In October 1999, two cyclones devastated coastal Orissa, leaving nearly 30,000 dead in 14 districts. Immediately after, the Orissa State Disaster Mitigation Authority (osdma) was formed. So why is it that, 5 years later, Orissa simply isn't prepared for disaster?
For one: multiple agencies, and complete non-coordination. osdma's administrative authority is the revenue department, and the chief secretary takes policy decisions. osdma works in conjunction with central agencies, the state government and the 30 district administrations that run the state. It also works with non-governmental organisations, community-based organisations, un agencies and specialised disaster management organisations. As a result, explains Biswanath Das of Jewaharlal Nehru University, who has recently surveyed coastal Orissa, "Nobody knows how the information will come down to the village level if a cyclone occurs now."
Secondly, the reach of mitigation programmes is extremely poor. osdma is implementing a Community-based Disaster Preparedness Programmes (cbdp) -- funded by the United Nations Development Programme and the Department for International Development. But cbdp is confined to only 10 out of 128 cyclone-affected blocks. Says osdma managing director Sanyal, "As far as flow of information is concerned, we have distributed radios in villages where accessibility is a problem.
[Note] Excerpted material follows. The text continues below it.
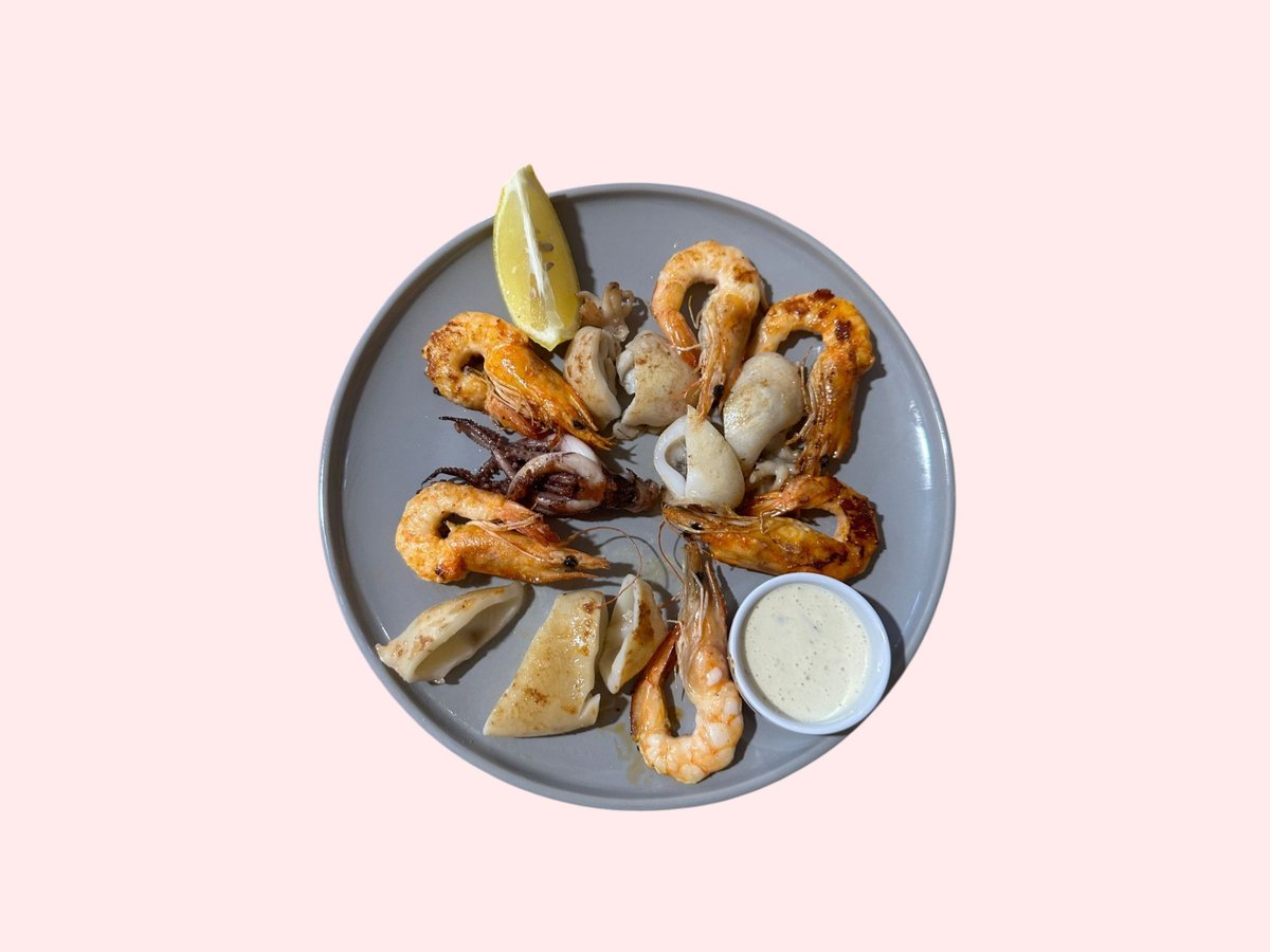 Spie, kallamar, karkalec, midhje, gaforre, salcë e kuqe

If any disaster occurs, villagers will get information directly." The problem is radio-antennas are put on bamboo poles. Could these poles withstand wind speeds greater than 100 kmph?
Could not osdma have thought of solutions such as plantations all along the coast, for trees are good wind-breakers? No. That, says Sanyal, is the domain of the forest department. Other lessons haven't been learnt, such as that cyclones here invariably cause tidal waves: since 1999, this fact finds no place in plans.
So is Orissa prepared for another super-cyclone? No.